I have been involved in biomedical research for more than 20 years. However, I started working with stem cells approximately three and a half years ago. It is an exciting yet challenging area of research. Our primary goal in the laboratory is to determine how undifferentiated (unspecialized) stem cells can be differentiated into more specialized cells such as heart cells and the molecular events leading to this switch. There are many different types of signaling pathways that are involved in either maintaining the stem cells in the undifferentiated stage or are involved in differentiating stem cells into various lineages. We are conducting research on one such signaling pathway – the Nitric Oxide pathway. Nitric Oxide (NO) is a colorless, odorless gas and an uncharged free radical that is involved in number of physiological processes such as smooth muscle relaxation, neurotransmission, inhibition of platelet aggregation and host defense mechanisms. The overall goal of our project is study the role of Nitric Oxide-cGMP pathway in proliferation and differentiation of stem cells into cells of various lineages such as myocardial cells (heart cells).
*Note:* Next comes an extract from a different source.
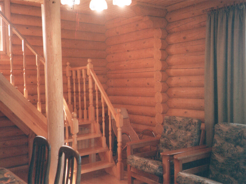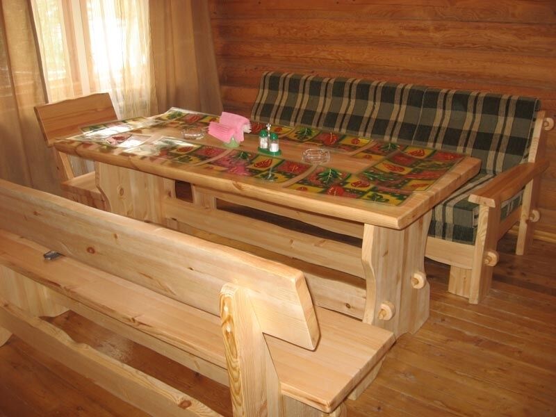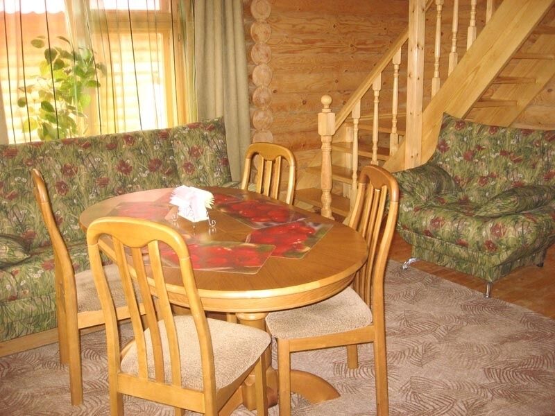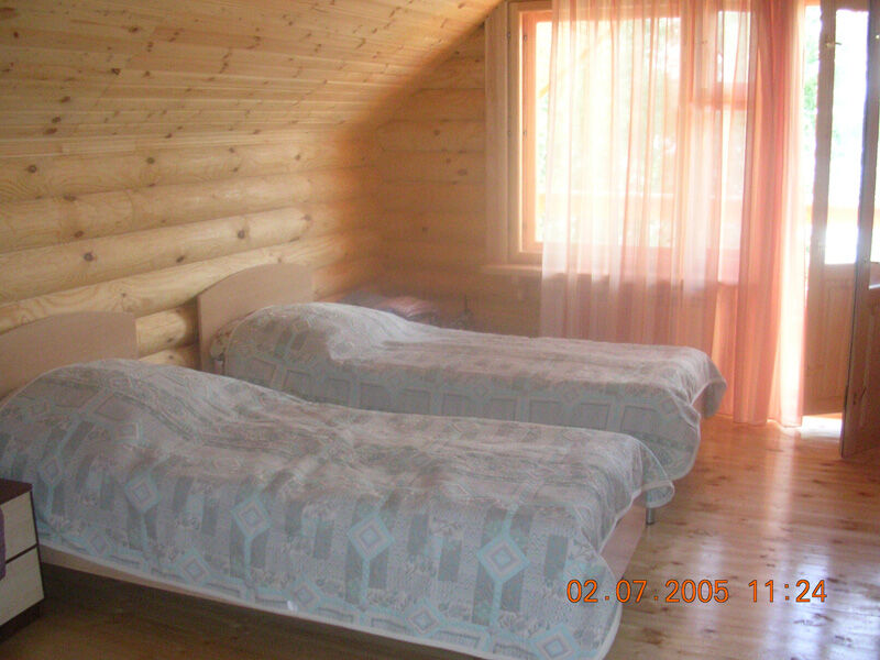 На первом этаже располагается просторная гостиная с телевизором, раскладным диваном и удобными креслами. С гостиной совмещена кухня, оснащенная кухонным гарнитуром, электрической плитой, холодильником, раковиной (гор. и хол. вода), кухонным столом, стульями и посудой. На этом же этаже располагается санузел (душевая кабина и туалет). Второй этаж состоит из 2х спален с полутора и 2х спальной кроватями. На веранде Вы сможете отдохнуть в удобных креслах, потягивая сок за столиком. Вы не почувствуете, что находитесь вдалеке от дома. Уютная домашняя атмосфера Вам обеспечена. Все дома с верандами, оборудованными пластмассовыми столами и креслами.

At the present time, we are using cocktails of various agents to differentiate the undifferentiated cells into myocardial cells for future regenerative medicine for diseases such as myocardial infarction (heart attack). I have honor and privilege to conduct these studies with Dr. Ferid Murad, M.D., Ph.D. 1998 Nobel Laureate in Physiology or Medicine, who is a Director Emeritus and Director of Cell Signaling Center at the Institute of Molecular Medicine. Dr. Murad discovered the mechanism of action of nitroglycerine, a drug that has been used in clinic for more than 100 years for chest pain (angina pectoris).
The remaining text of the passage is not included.